Gabor Fields: Orientation-Selective Level-of-Detail for Volume Rendering
- URL: http://arxiv.org/abs/2602.05081v1
- Date: Wed, 04 Feb 2026 21:58:03 GMT
- Title: Gabor Fields: Orientation-Selective Level-of-Detail for Volume Rendering
- Authors: Jorge Condor, Nicolai Hermann, Mehmet Ata Yurtsever, Piotr Didyk,
- Abstract summary: We present an orientation-selective mixture of Gabor kernels that enables continuous frequency filtering at no cost.<n>We also present an application for efficient design and rendering of procedural clouds as Gabor-noise-modulated Gaussians.
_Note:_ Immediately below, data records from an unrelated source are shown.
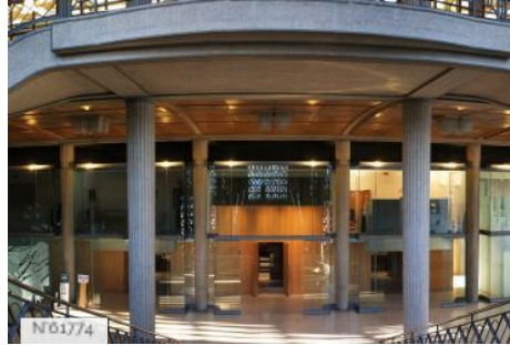
Conseil économique social et environnemental - Escalier Monumental
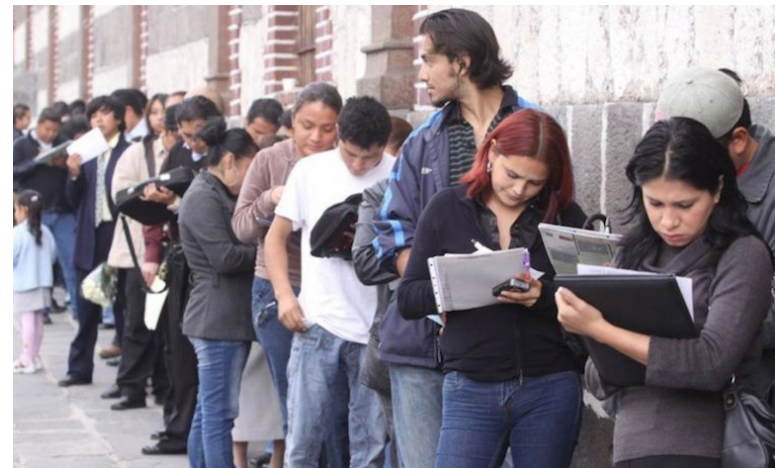
El Observatorio les ha permitido identificar que los derecho más vulnerados entre las juventudes es el acceso a la justicia laboral, atendiendo casos de despidos de mujeres embarazadas y el impago de indemnizaciones por despidos injustificados.

tes libres de violencia, con énfasis de proteger a las mujeres jóvenes”, puntualizó Guidos.
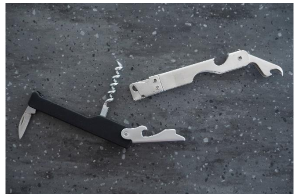
4-30 ワインオープナー 缶切り
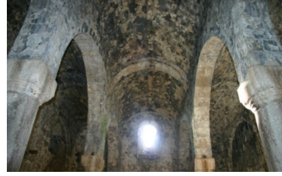
Resim 15: Yaylalı Meryem Ana Kilisesi III

Gümüşhane'nin Kürtün ilçesinde yer alan kültür varlıkları, bölgenin diğer eserleri ile benzerlik göstermektedir. Gümüşhane ve çevresinin dağlık bir arazi olması dolayısıyla, kale ve gözetleme kuleleri çok sayıdadır. Vadiler ve yollar bunlarla denetim altında tutulmuştur. Köprüler harpuşa tarzında ve tek gözlüdür. Kemerlerinde kesme taş, diğer yerlerinde moloz taş kullanılmıştır. Camiler küçük ölçülerde ve sade bir işçiliğe sahiptir. Çeşmeler bezemesiz, kitabesiz ve eyvan tarzındadır. Bölgedeki diğer kiliselerde olduğu gibi Kürtün'de yer alan kiliseler XIX. yüzyılda yapılmış olup tek veya üç nefli küçük ölçülerdeki yapılardır.
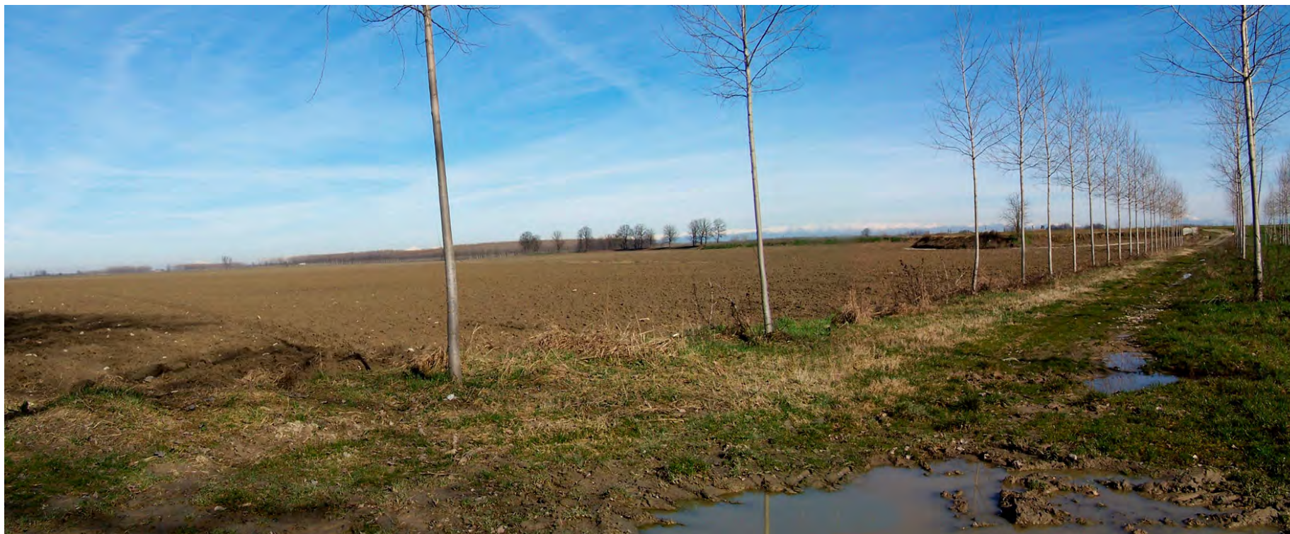
Ripresa n° 11 – La parte nord ovest della ZPS, completamente destinata a seminativi

- Score: 5.474797258314826
- License: http://arxiv.org/licenses/nonexclusive-distrib/1.0/
- Abstract: Gaussian-based representations have enabled efficient physically-based volume rendering at a fraction of the memory cost of regular, discrete, voxel-based distributions. However, several remaining issues hamper their widespread use. One of the advantages of classic voxel grids is the ease of constructing hierarchical representations by either storing volumetric mipmaps or selectively pruning branches of an already hierarchical voxel grid. Such strategies reduce rendering time and eliminate aliasing when lower levels of detail are required. Constructing similar strategies for Gaussian-based volumes is not trivial. Straightforward solutions, such as prefiltering or computing mipmap-style representations, lead to increased memory requirements or expensive re-fitting of each level separately. Additionally, such solutions do not guarantee a smooth transition between different hierarchy levels. To address these limitations, we propose Gabor Fields, an orientation-selective mixture of Gabor kernels that enables continuous frequency filtering at no cost. The frequency content of the asset is reduced by selectively pruning primitives, directly benefiting rendering performance. Beyond filtering, we demonstrate that stochastically sampling from different frequencies and orientations at each ray recursion enables masking substantial portions of the volume, accelerating ray traversal time in single- and multiple-scattering settings. Furthermore, inspired by procedural volumes, we present an application for efficient design and rendering of procedural clouds as Gabor-noise-modulated Gaussians.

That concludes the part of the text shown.